My grandmother was a very proper woman whom I never heard speak ill of anyone.
Except once.
Her husband was a Republican Senator who kept for posterity his thank you letter from Martin Luther King Jr. for voting for the Civil Rights Act.
Strom Thurmond, on the other hand… One of my older cousins asked her how he’d done his historic 24 hour filibuster and Gram did a sharp sniff, took a deep breath, and told us kids, “Well! He had a catheter installed under his pants.” The disdain in her voice was something so unexpected coming from her that I’ve never forgotten it.
(I debated saying contempt, but Merriam-Webster says disdain means considering someone as being beneath one’s notice or dignity and that captures it perfectly. Like I say, she was a proper woman.)

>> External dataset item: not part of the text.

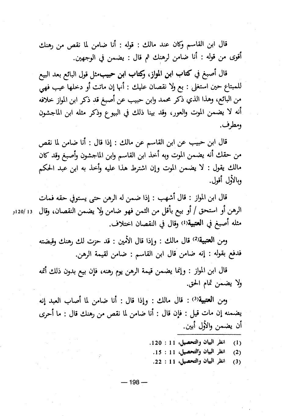 ومن العتبية: قال مالك: وإذا قال: أنا ضامن لما أصاب العبد إنه يضمنه إن مات قيل: فإن قال: أنا ضامن لما نقص من رهنك قال: ما أحرى أن يضمن والأول أبين.

Today I watched now and then and then all of the last 45 minutes of Cory Booker’s speech before Congress. Senator Booker, with enough African heritage to know what it is to be a Black man in America today, was determined to best the record of a man who had agitated for segregation and the snatching away of rights of people who looked like him. Booker was speaking up for the rule of law, the sanctity of the courts, and the rights of all of us. For us to reclaim all that is good in us as Americans and in our government.
And he did it. He did it. And he kept going, just for good measure, long enough to get past that 24 hour 18 mark to a solid 25-plus so that his number and Thurmond’s would never be the same. Beat the old bastard once and for all. It was a declaration that the old racist fascist in the White House is going to lose out to the judgments of history, too.
Gram’s reaction was never about the catheter. It was just the closest she could come to saying how p***-poor Thurmond’s ideas had been and what kind of a person would go to so much effort towards damaging the lives of so many others.
Cory Booker stood there, for 25 hours on his feet straight he stood up for every single one of us and I am so proud and so grateful.